Geschiedenis van het archiefbeheer
Tot het jaar 1924 werd het archief beheerd door de secretaris van de Commissie van Toezicht. Door de reorganisatie in 1924 ging het beheer in dat jaar over op de secretaris-administrateur. In 1936 toen het conservatorium een rijksinstelling werd kreeg de administrateur het beheer, terwijl de boekhouder met de feitelijke verzorging werd belast. Deze situatie duurde nog voort in 1982.
De aanvang van het archief is te stellen op 1826, het jaar van de oprichting van de school door koning Willem I. Het hoofdbestanddeel van het archief vormde de series correspondentie. Daarnaast kunnen we de financiële administratie, het pensioenfonds en de leerlingenadministratie onderscheiden. Van 1826 tot 1880 werd op de ingekomen en minuten van uitgaande stukken een exhibitumnummer vermeld met verwijzing naar de desbetreffende notulen. Toen P.J. van de Kasteele in 1880 tot secretaris van de Commissie van Toezicht werd benoemd, is hij het geweest, die dit stelsel verlaten heeft. In plaats daarvan gaf hij alle ingekomen stukken een eenvoudige doorlopende nummering (1-715).

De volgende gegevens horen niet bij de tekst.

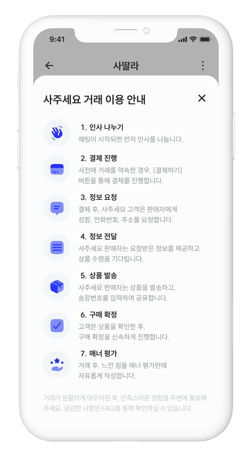 채팅을 시작하면 원활한 거래를 위한 가이드 화면이 팝업됩니다. 1번부터 7번까지 내용을 꼭 읽고 거래를 진행해 주세요.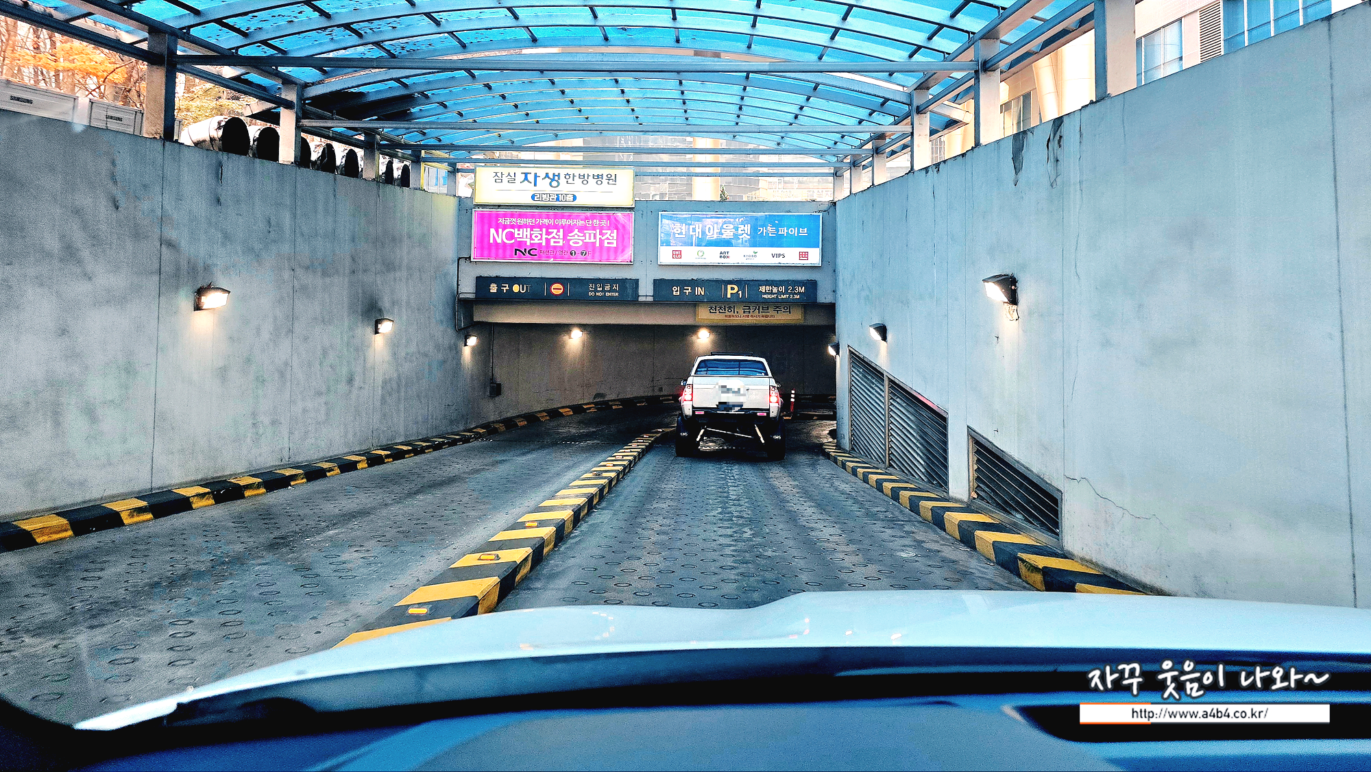 가든파이브 주차장 진출입 난이도는 중간정도 입니다. 우선 진출입로 도로 폭이 여유있지 않고요. 또한 급커브와 급경사, 코너간 기둥들이 있습니다. 운전이 미숙한 분들은 상당히 당황할 수 있는 주차장 환경입니다.

Ook dit systeem werd afgeschaft. Van 1904 tot 1943 zijn de ingekomen stukken in het geheel niet genummerd. Met de herinvoering van de brievenboeken in 1943 begon men ook de ingekomen stukken weer te nummeren. Van de Kasteele heeft ook de minuten van uitgaande stukken van een eenvoudige doorlopende nummering voorzien (1-1142). In 1926 begon men opnieuw te nummeren (1-434), welke procedure men in 1932 herhaalde (1-273). Te rekenen vanaf 1920 werd buiten de nummeringen allengs een rubriekenstelsel ingevoerd. Met het jaar 1935 werd een jaarlijkse nummering ingevoerd. Op 1 januari 1956 voerde de schooladministratie een fichedoorschrijfsysteem met een codering afgeleid van de basiscode V.N.G. in. Dit stelsel is nog steeds in gebruik.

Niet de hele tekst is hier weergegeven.